Also, there are many women in orchestras. I saw Chicago just before the pandemic and all of the percussionists were women.


----------



## fbjim (Mar 8, 2021)

I will stick up for the local folks in the Seattle Symphony here - and their own-label releases include top-of-the-heap quality recordings of Ives, Dutilleux, and Mahler.

Back in the day, they were also a popular orchestra for Naxos Records.


----------



## Heck148 (Oct 27, 2016)

fbjim said:


> Back in the day, they were also a popular orchestra for Naxos Records.


The Schwarz/Seattle survey of American symphonic works was very good..originally they were released on Denon, iirc...then re-released on Naxos..
Seattle got into trouble with the American Federation of Musicians, because these recordings were made under scale set by the union. I disagree with the union, they've priced American orchestras out of recording jobs...


----------



## Heck148 (Oct 27, 2016)

Simon Moon said:


> I'm pretty happy with quality of my hometown orchestra, the LA Phil.


LAPO has been really fine for many years...Chicago and NYPO had traditionally been the highest paid orchestras...however, in recent years, it became Chicago, LAPO and SFSO that have the highest scales (pre-covid, that is, the pandemic made hash of existing contracts)


----------



## Pyotr (Feb 26, 2013)

I like the Berlin Philharmonic Orchestra, but someone mentioned to me several weeks ago that it was light in the string section. I am a little confused about this statement. Maybe it was a post-pandemic thing, I forgot to ask him.

Does anyone here believe that to be true?


----------



## 59540 (May 16, 2021)

It's hard to say...as someone already pointed out, the orchestra you heard and loved in a 50-year-old recording may be totally different now. I like the Berlin cello section.  The Chicago brass used to be awe-inspiring. In all honesty I don't that much about how those orchestras sound *now*. When I was a *lot* younger I used to listen to public radio broadcasts of the NYP, the Cleveland Orchestra and the Chicago Symphony, which was still at that time in the Solti era. I haven't listened to those orchestras in that way for a very long time now, unfortunately.


----------



## Olias (Nov 18, 2010)

Obviously orchestras change over time based on conductors, musicians, community, etc.

I tend to find my favorites are Vienna, London, New York, Czech, and Royal Liverpool, but all the ensembles mentioned already are marvelous. It's a lot like choosing a wine, everyone's taste is slightly different and you have to sample a lot to find your favorites.


----------



## MatthewWeflen (Jan 24, 2019)

As far as the number of great recordings in my collection go, Berlin Philharmonic and London Symphony Orchestra are in the lead. I've only heard one or two bad recordings/performances from each out of hundreds.

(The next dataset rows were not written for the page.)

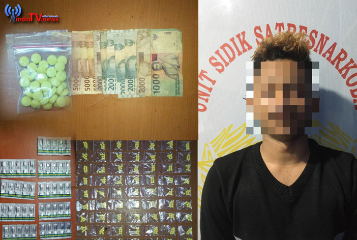 PANDEGLANG – BANTEN | indotvnews.co.id – Diduga kedapatan edarkan obat-obatan terlarang tanpa izin edar KR (19) pemuda asal Aceh dimankan Satresnarkoba Polres Pandeglang di sebuah toko, di Kampung Cibintarok RT.005 RW.003, Desa Pangkalan, Kecamatan Sobang, Kabupaten Pandeglang, Senin (23/9/2019).
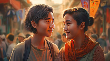 Homosexuality and lifestyle concepts Beautiful student females walking outdoors keeping thier hands together having good mood while meeting each other Smiling lesbians wa : Generative AI
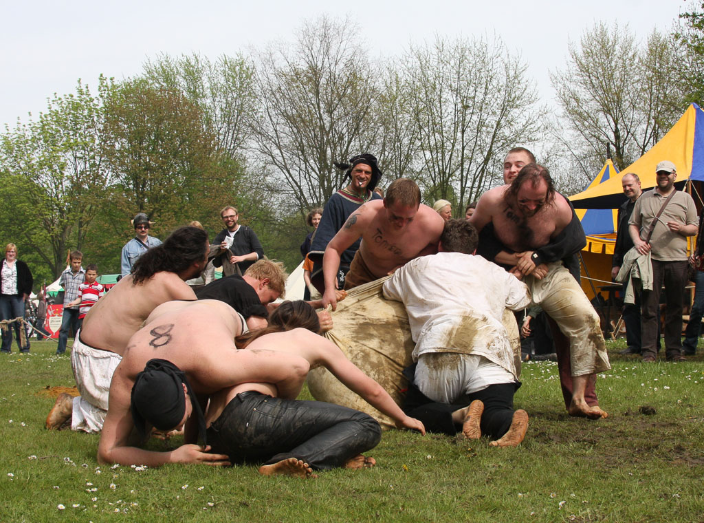 Gaukler und Zauberer, Stelzentheater und Feuerkünstler, Puppentheater, ein Tanzworkshop und der große Händlermarkt mit mehr als 150 Ständen, mit Tavernen, Grilltheken, Kaffeeausschank und mittelalterlichen Spezialitäten sorgen für weitere Kurzweil.

After that the next few best would be Chicago Symphony Orchestra, Vienna Philharmonic, The English Concert and Orchestre Révolutionnaire et Romantique.


----------



## VoiceFromTheEther (Aug 6, 2021)

FrankinUsa said:


> The Cleveland Orchestra


tantalizing that the Cleveland Orchestra does not record more as of late. They are still in a good shape, despite all those decades since Szell's departure.


----------



## Neo Romanza (May 7, 2013)

I'm certainly NOT going to choose between the Royal Concertgebouw, New York Philharmonic, Wiener Philharmoniker, Berliner Philharmoniker, London SO, London PO, The Philharmonia, Czech Philharmonic, Chicago SO, Budapest Festival Orchestra, Helsinki Philharmonic, Danish National SO, et. al. They have all turned in stellar work in repertoire that is special _to them_.


----------



## Becca (Feb 5, 2015)

Without a doubt: The Portsmouth Sinfonia


----------



## perempe (Feb 27, 2014)

Budapest Festival Orchestra, as I'm a season ticket holder.


----------



## jegreenwood (Dec 25, 2015)

John Zito said:


> I grew up in Cleveland, Ohio, and I have an enormous amount of hometown affection for the Cleveland Orchestra. The first concert of any kind that I ever attended was a Cleveland Orchestra concert in July 2008, and to date I've heard them live 40 times in all sorts of repertoire. So it's my favorite because it's the one I grew up with and the one I'm most familiar with. Sorry I can't be more analytical about it.
> 
> The Cleveland Orchestra became famous under its fourth music director George Szell, mainly for their recordings of the central European classics: Haydn, Mozart, Beethoven, Schubert, Schumann, Brahms, Dvořák, R. Strauss. Then they began a long association with Pierre Boulez, who is credited with "teaching" the orchestra more modern repertoire: Stravinsky, Debussy, Messiaen, the second Viennese school, etc. So there's a pretty long tradition of doing all of that stuff at a very high level.
> 
> ...


I bought the Szell mega-box, so I am obviously a big fan. But I would have included works by Mozart and Haydn Amon my favorites.


----------



## HenryPenfold (Apr 29, 2018)

perempe said:


> Budapest Festival Orchestra, as I'm a season ticket holder.


Lucky sod.

(did "sod" get past the mods?)


----------



## HenryPenfold (Apr 29, 2018)

LPO. 

Simply because I've enjoyed their playing more than any other. 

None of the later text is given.